Bruce Springsteen could also relate to the kindness of his inner circle.  In his case, he was advised that the Ramones shouldn’t record a song he wrote for them.  In 2015, Springsteen said on The Tonight Show: “I saw the Ramones in Asbury Park. And I was like, ‘Man, I’ve got to write the Ramones a song.’ So I went home and I wrote ‘Hungry Heart’ in about the time it took me to sing it. I brought it in and we went to make a demo for it and I played it for Johnny Ramone.”  Johnny didn’t hear a hit and told Bruce, “Nah, you better keep that one.”

Bruce also played it to his producer.  In the liner notes to his Greatest Hits album, Bruce wrote: “I played it for Jon Landau and earning his money, he advised me to keep it.”

Then there are the guys who don’t know what they got until they lose it—namely the Great Society band.  The group could never turn Grace Slick’s “White Rabbit” into a hit; they lost her to the Jefferson Airplane who took her song to the top of the charts (#8 hit in 1967).  The tune worked wonders for the band and Grace’s bank account. In a 2002 interview with The Guardian, Slick explained: “If they put your song in a movie, that’s $30,000. If they put it in a movie twice, that’s $60,000.  I’ve been lucky in life. Whatever I choose to do for fun, people pay me to do it.”

Indeed, one band’s lost song(s) is another band’s gain.  In George Harrison’s case, his three-record opus, All Things Must Pass, included songs Lennon and McCartney overlooked and/or underestimated.  It went to #1 in 1970.

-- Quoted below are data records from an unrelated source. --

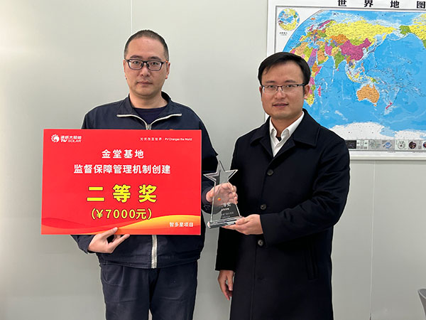 1月8日及15日,通威太陽能順利舉行2023年第四季度“精益生產管理系統提升項目”及“智多星團隊項目”頒獎儀式,通合新能源總經理助理羅曉云、通威太陽能雙流基地總經理助理徐濤出席活動并為獲獎項目代表頒獎。
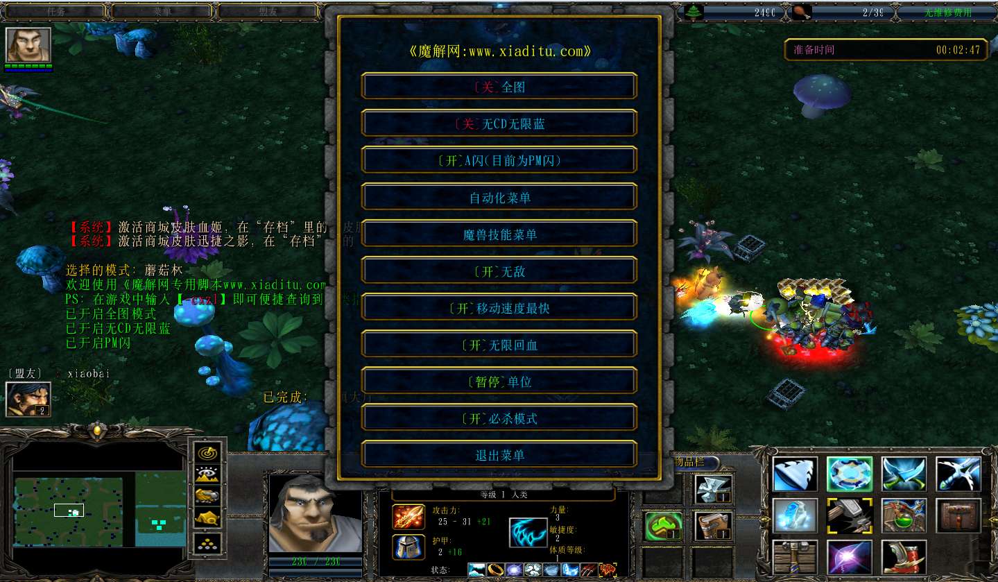 | 技能菜单【光环类技能】 | 自动化菜单【自动加钱木,提升英雄三围】 |
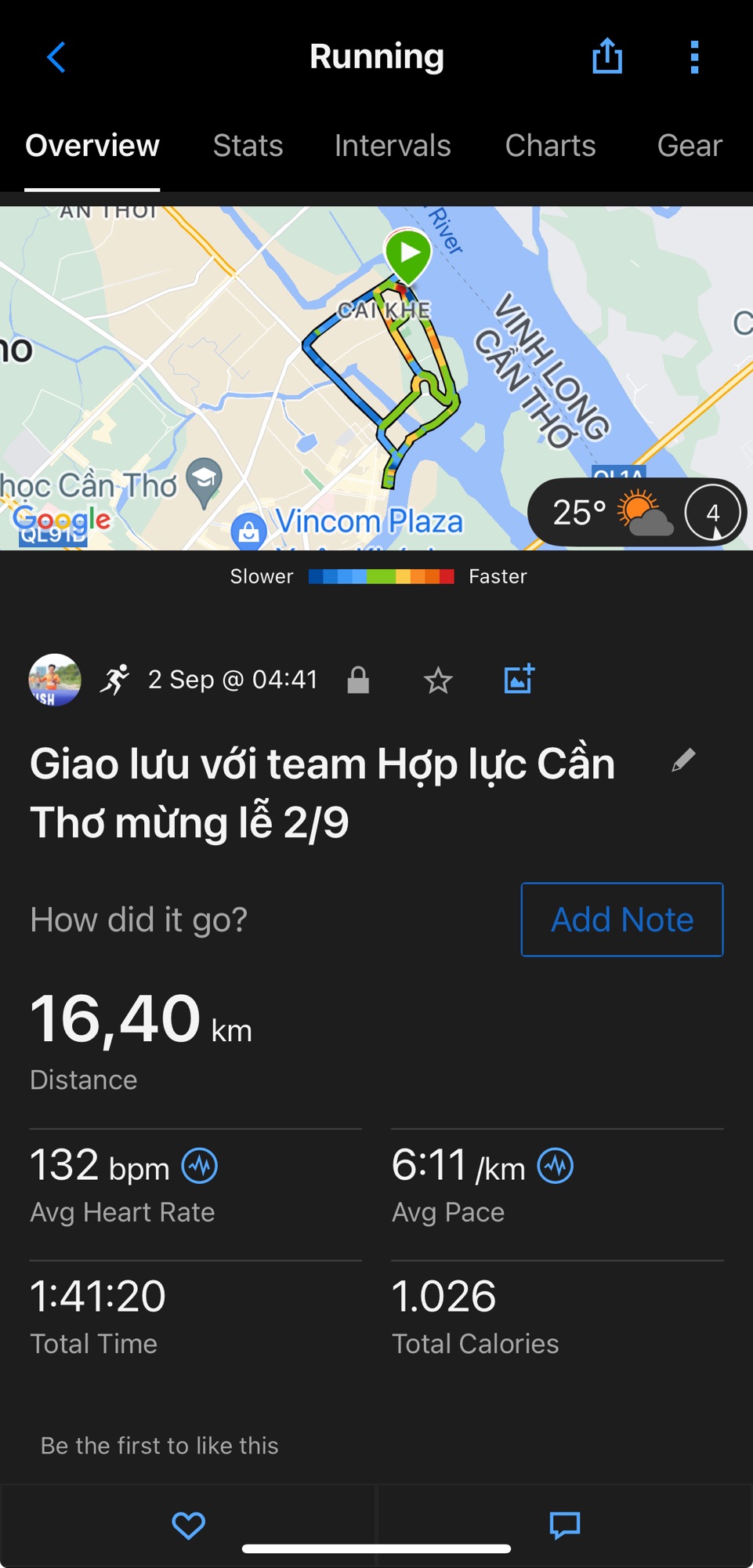 • Duy trì một tốc độ khá ổn định trong suốt quá trình chạy, với sự dao động pace trong khoảng từ 5:09 đến 6:53/km.
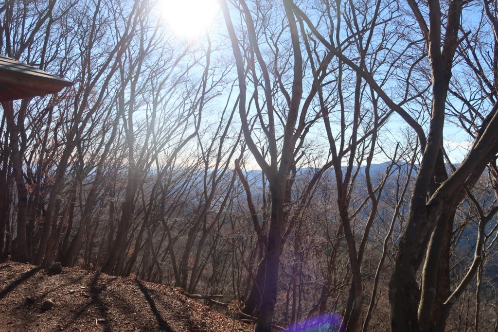 山頂には広いスペースがあり、東屋・ベンチも用意されています。その上、多少木々はあるものの360度の眺望が楽しめます。有名な伊豆ヶ岳のすぐ近くに位置しているので、通過点となることが多く、以外と穴場スポットかもしれません。伊豆ヶ岳から20分、正丸方面から来る際には、ぜひここまで足を延ばしてみてください。
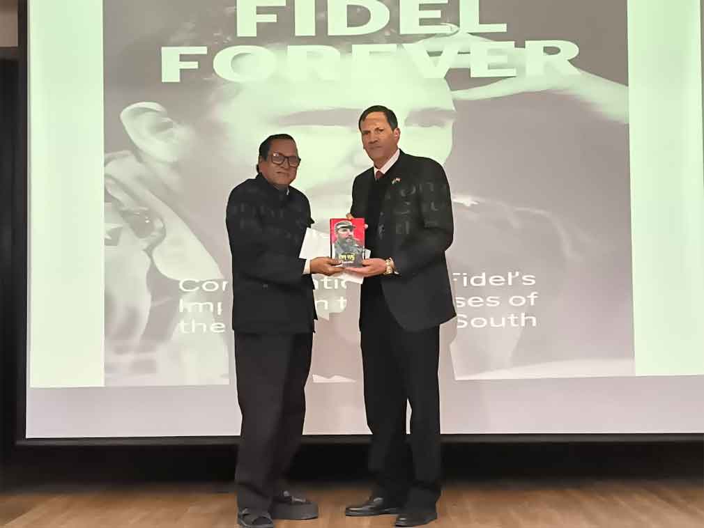En el evento, por el noveno aniversario de la desaparición física del líder histórico de la Revolución Cubana, Bijaya Kumar Padhikari, secretario general de la Sociedad India para la Cooperación Cultural y la Amistad (ISCUF), entregó al embajador cubano, Juan Marsán, su biografía sobre Fidel, escrita en idioma odia.
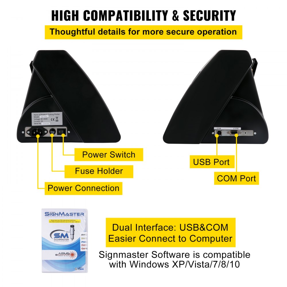 Compatibilidad Versátil: Este vinilo cortador de plotter incluye el software Signmaster con una interfaz USB y un puerto COM para facilitar la conexión. Admite varios idiomas DM/PL, HP/GL. Sistema: PC con procesador Pentium o computadoras como Windows XP/Vista/7/8/10, ARTCUT, Graph-Cut, Signcut, Signmaster, Flexi, Coreldraw. NO es compatible con el sistema Mac.
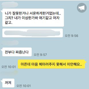 제가 정말 잘못 행동한 거라면 마구 욕 써주세요. 그래야 저도 제 잘못을 알고 뉘우칠테니깐요..
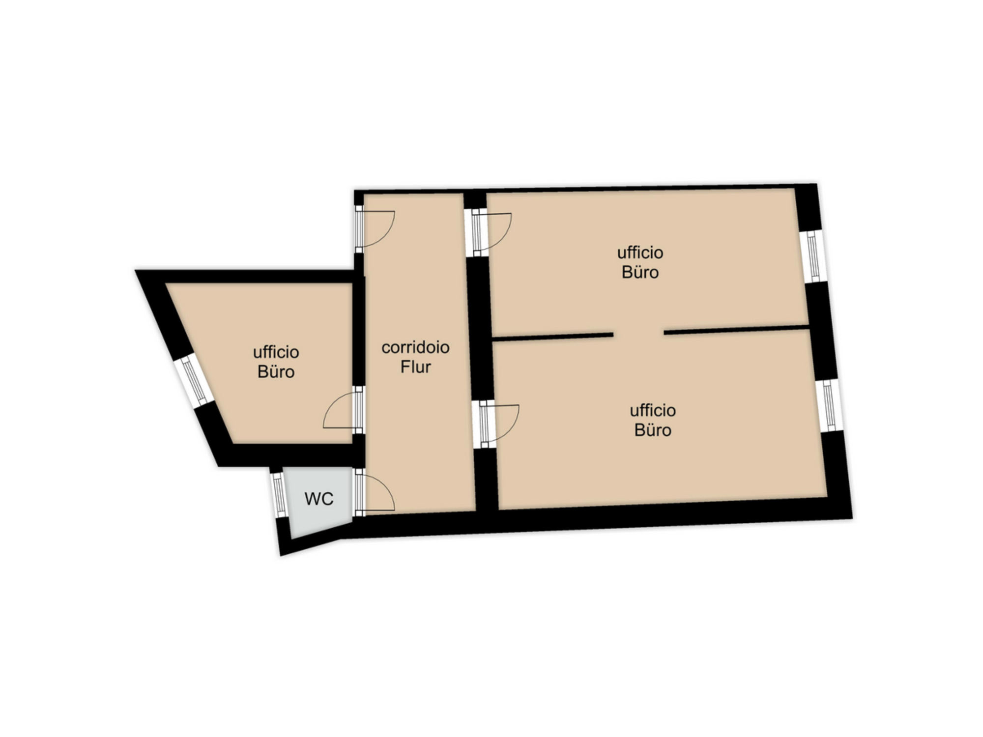 Primo piano: corridoio, tre uffici luminosi, WC
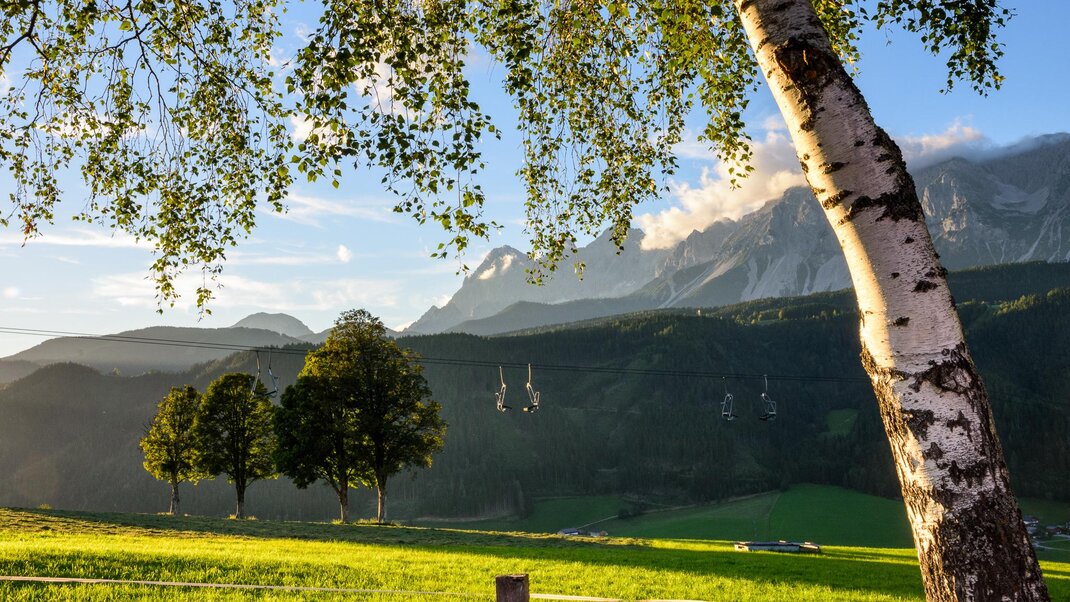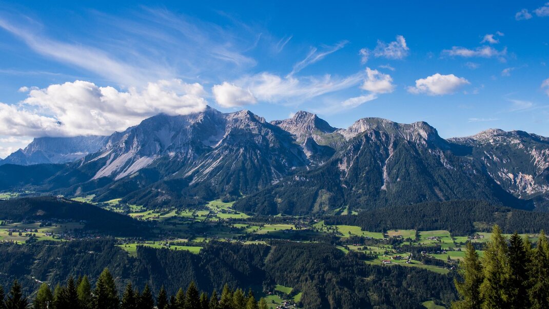• Fantastisch uitzicht richting Ennstal, Dachstein en Hochwurzen

Despite its success, Lennon was still dismissive of George’s talent.  In Peter Doggett’s 2009 book, You Never Give Me Your Money, Harrison noted: “John was really negative at the time but I was away and he came ‘round to my house and there was a friend of mine living there who was a friend of John’s. He saw the album cover and said, ‘He must be bad, putting three records out. And look at the picture on the front. He looks like an asthmatic Leon Russell.’”

-Mark Daponte

Photo: Tom Petty (Getty)

3 comments on “When Not-Good-Enough Became Great

  1. Wow, I had no idea that Bruce wrote “Hungry Heart” for the Ramones. My brain is trying to hear what that would sound like!

  2. Mike Gaglio

    Great stuff. Thanks!

  3. Crazy that Bruce wrote “Hungry Heart” for the Ramones. Like Dave, I can’t get my brain wrapped around the sound. I just listened to the Great Society “White Rabbit”. It’s actually a pretty good version that I never knew existed. Thanks for the article.